Link: Top US companies fined over sanction busting
In a new study that examines the negative tax consequences of allegedly fraudulent earnings overstatements, researchers found that, on average, firms sacrifice 11% of inflated earnings to additional tax payments.
‘One might expect that firms willing to engage in earnings manipulation would also be willing to simultaneously avoid reporting the income on their tax returns,’ said Michelle Hanlon, assistant professor of accounting at the University Of Michigan, one of the contributors to the research project.
‘However, firms may willingly pay taxes on bogus earnings to avoid raising the suspicion of savvy investors, the Securities and Exchange Commission or the Internal Revenue Service.’

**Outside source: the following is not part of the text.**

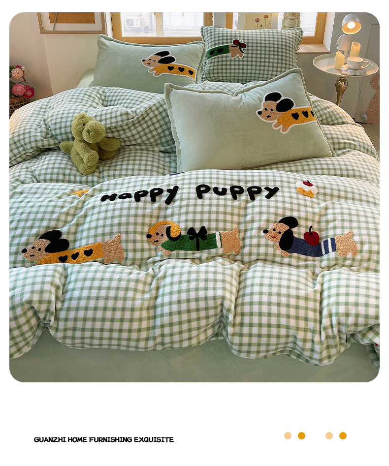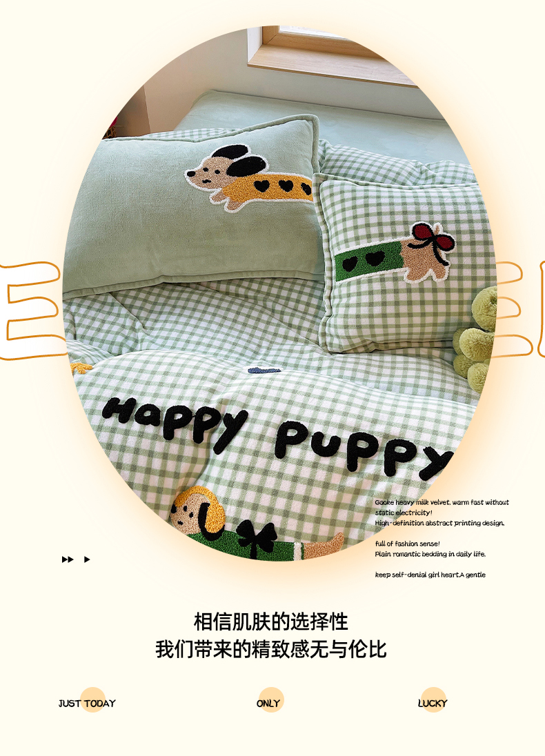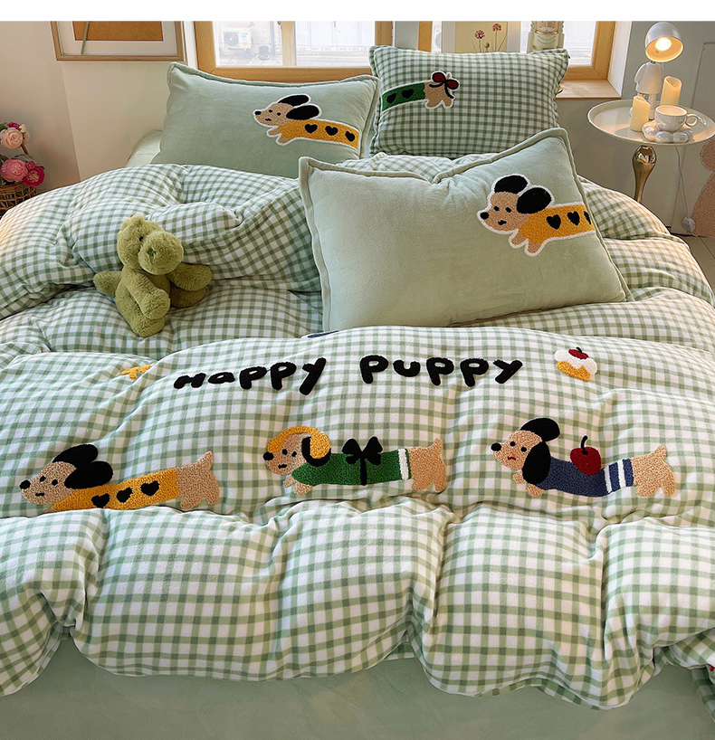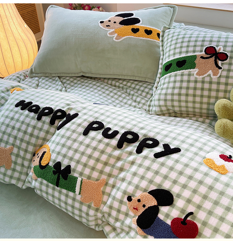 炫拼家纺 2025新款高克重牛奶绒格子卡通毛巾绣加厚四件套-糖宝系列 糖宝-汪星日记

On a small scale the sacrifice to tax demands does not appear so great. But when considered in the context of the billion-dollar accounting holes at Enron and WorldCom, recently renamed MCI, the sums in tax become huge.
The report signals a clear drive on the part of executives to keep the bottom line looking good for investors and regarding the sacrifice in tax liabilities as worth the deception.
The study is bound to raise questions about the way executives are influenced by having to please investors and the level of pay and bonuses top executives earn.
The paper, produced by the universities of Michigan, Chicago and North Carolina, examined a sample of firms accused of accounting fraud by the SEC from 1996 to 2002, who had refiled their accounts after answering such charges, which enabled the researchers to compare their fake returns with an accurate one.
The study’s report said: ‘In aggregate, (15 of) the firms in our (27 company) sample paid US$320m (£205m) in taxes on overstated earnings of about US$3.36bn. These results illustrate the stark trade-off faced by firms and managers contemplating earnings manipulation – the choice between (non-cash) accounting earnings and (cash) taxes.’
The report said that these 15 firms that actually paid taxes on overstated earnings, incurred substantial immediate additional tax costs on overstated earnings of 20 cents per US dollar.
Half of the companies reported a portion of their inflated earnings as book income, but not current taxable income, enabling them to defer paying taxes on some of the inflated earnings.